David Jackuliak

Personal information
- Date of birth: August 2, 2003 (age 23)
- Place of birth: Slovakia
- Height: 1.91 m (6 ft 3 in)
- Position: Centre-forward

Team information
- Current team: MFK Ružomberok
- Number: 13

Youth career
- 2017–2021: Dukla Banská Bystrica
- 2018–2019: Dunajská Streda (loan)

Senior career*
- Years: Team / Apps / (Gls)
- 2021–2023: Dukla Banská Bystrica / 9 / (0)
- 2022–2023: Dolný Kubín (loan) / 16 / (4)
- 2023–: MFK Ružomberok / 21 / (0)
- 2024–2025: Baník Ostrava B / 8 / (1)

= David Jackuliak =

Slovak footballer (born 2003)

David Jackuliak (born 2 August 2003) is a Slovak footballer who currently plays for Slovak First Football League side MFK Ružomberok, as a centre forward.

Jackuliak started playing football in the youth academies of Banská Bystrica and Dunajská Streda. During the summer of 2023, he transferred to MFK Ružomberok, where he played in the winning final duel of the Slovnaft Cup against Spartak Trnava, as well as in the Conference League qualification matches against Hajduk Split and FC Noah.

== Club career ==

=== Dukla Banská Bystrica ===
Jackuliak is a graduate of the FK Dukla Banská Bystrica youth team. He scored a brace in a 3–2 loss against AS Trenčín in the U19 league. A few weeks later, Jackuliak scored a hat-trick in a 3–0 league win against Nitra on.

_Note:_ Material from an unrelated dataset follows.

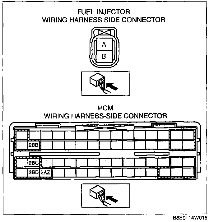- Fuel injector No.3 terminal A and PCM terminal 2BD
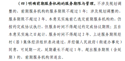 本部分內容從四個方面進行了明確:1、明晰前期工作內容;2、確定前期工作組織模式;3、規范前期服務機構的選取;4、明確前期服務機構的服務期限與管理。

After impressing in Dukla's youth teams, Jackuliak was promoted to the main team by first-team manager Stanislav Varga near the end of the 2020/21 season. He debuted in a 4–1 win against MŠK Púchov in the 2. Liga, coming on off the bench in the 82 minute for Miladin Vujošević. Jackuliak got his first start in the last game of the season, a 2–1 loss against FC Petržalka. He helped the club finish second in the league, advancing to the Slovak First Football League. Jackuliak debuted in the first league in a 4–2 victory against FC ViOn Zlaté Moravce, playing a couple minutes. He went on to make a total of 5 appearances in the first league before leaving Dukla.

=== MFK Ružomberok ===
On 13 July 2023, it was announced that Jackuliak would be joining fellow league outfit MFK Ružomberok, signing a 3-year contract. The club was interested in signing him last summer, but he ultimately decided to stay in Dukla. Jackuliak scored his first goal for the roses in a 2–1 friendly win against FC Zorya Luhansk, scoring the winning goal in the 85th minute. He made his league debut in a 3–1 loss to MŠK Žilina. Jackuliak helped the club advance to the final of the 2023–24 Slovak Cup, where he featured for 11 minutes in a 1–0 win against Spartak Trnava.

==== Loan to Baník Ostrava ====
On 11 September 2024, it was announced that would be joining Czech side FC Baník Ostrava, where he would be transferred to the reserve team.